Naturally, if Britain’s drug policies were based on harm reduction, improving mental health and homelessness would be a priority, along with providing free fentanyl tests and supervised injection sites (SIV), where naloxone would be endless. Instead, the government has blocked the UK’s first SIV from opening in Glasgow. Other Conservative responses to record-high drug deaths in the UK include pushing people off methadone and the baffling Psychoactive Substances Act.

At the beginning of this, I wondered about Britain’s potential to follow the US down a fentanyl blackhole. Realistically, with a private healthcare system foisting opioids on everyone, the US is a special case. Nevertheless, the UK’s problem is significant enough to warrant a health-based response, but the government have merely spent money trying to stop fentanyl hitting the streets, when, obviously, they can’t.

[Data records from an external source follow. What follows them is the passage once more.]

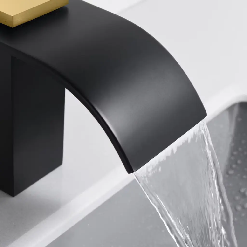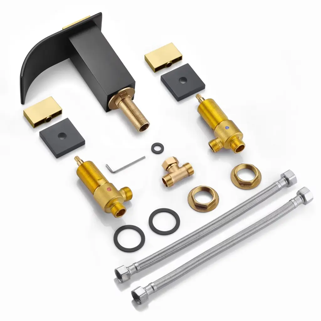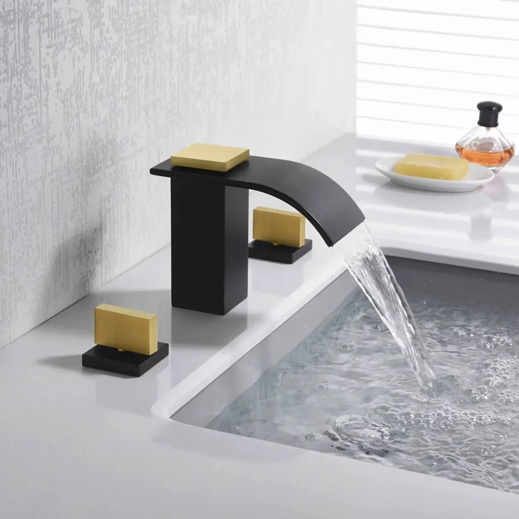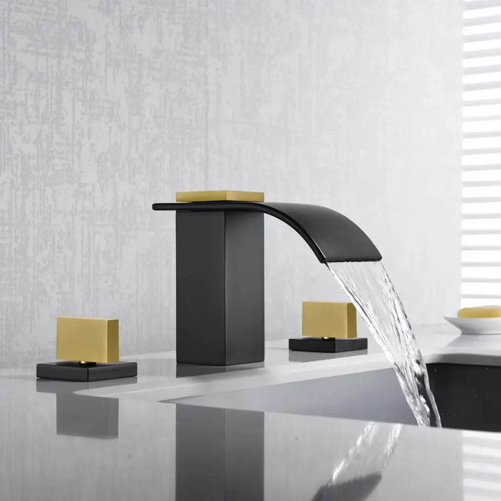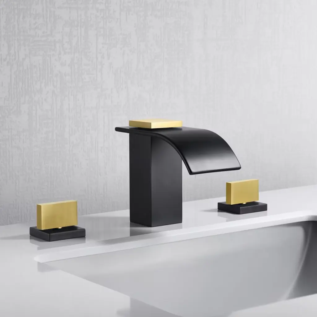 Sumerain 8" Widespread Bathroom Faucet 3 Hole Waterfall Basin Faucet Black And Gold Finish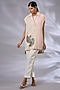 Featuring a beige and salmon asymmetrical shirt in linen base with thread detailing. It is paired with trousers. Style it with dangler earrings and neutral heels, ideal for casual wear.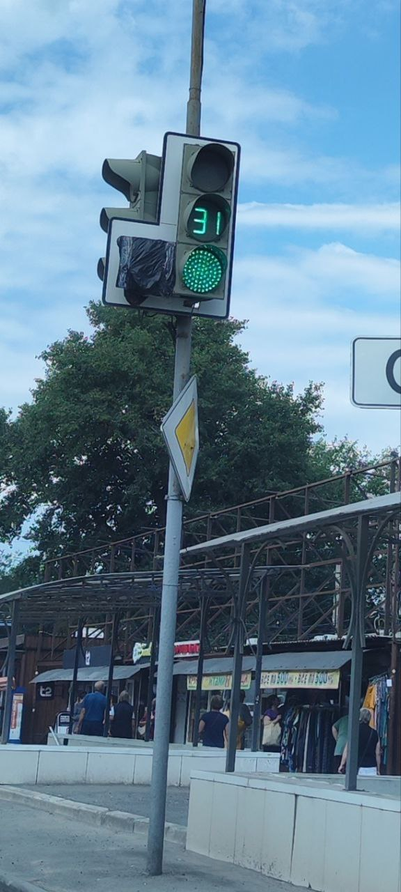 Такое обстоятельство возмутило автомобилистов. Они стали жаловаться на невозможность быстро попасть с Димитрова на Волгоградскую. Стрелка светофора, замотанная пакетом, на фото выглядит так: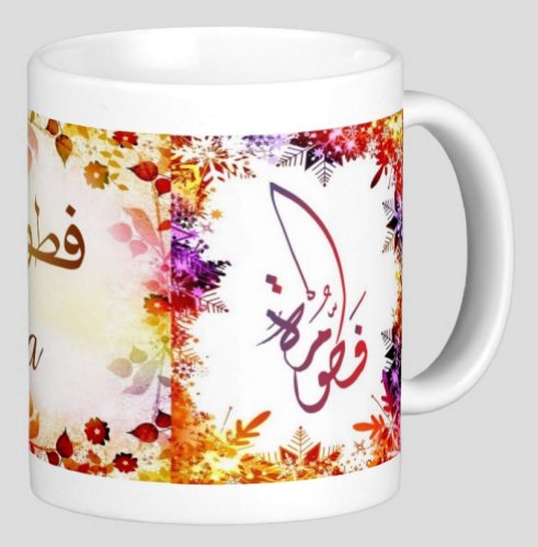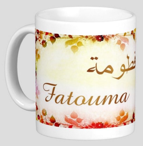 Mug avec le prénom "Fatouma" calligraphié en arabe (فطومة).

The Canadian tells me how he avoids detection: “Law enforcement are always on my mind. I’m always switching my source of internet, my computers, phones, stash spots and packaging locations.”

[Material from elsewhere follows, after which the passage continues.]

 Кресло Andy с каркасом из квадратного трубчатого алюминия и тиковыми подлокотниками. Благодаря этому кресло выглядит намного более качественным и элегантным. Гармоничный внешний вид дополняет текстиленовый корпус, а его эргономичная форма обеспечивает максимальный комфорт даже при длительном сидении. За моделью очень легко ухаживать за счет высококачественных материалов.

John, meanwhile, believes it’s only a matter of time until fentanyl shows up in Brighton, his current hometown. “The amount of money that can be made shotting the stuff is too good for some people to pass up.”

At the beginning of this article I wrote that, to predict its next step, we must understand the journey fentanyl takes to the UK. As I’m afraid fentanyl’s next step may be carfentanil – its more powerful cousin, recently found in several deaths in Hull – maybe our next step should be understanding the journey the UK has taken, headlong, towards it.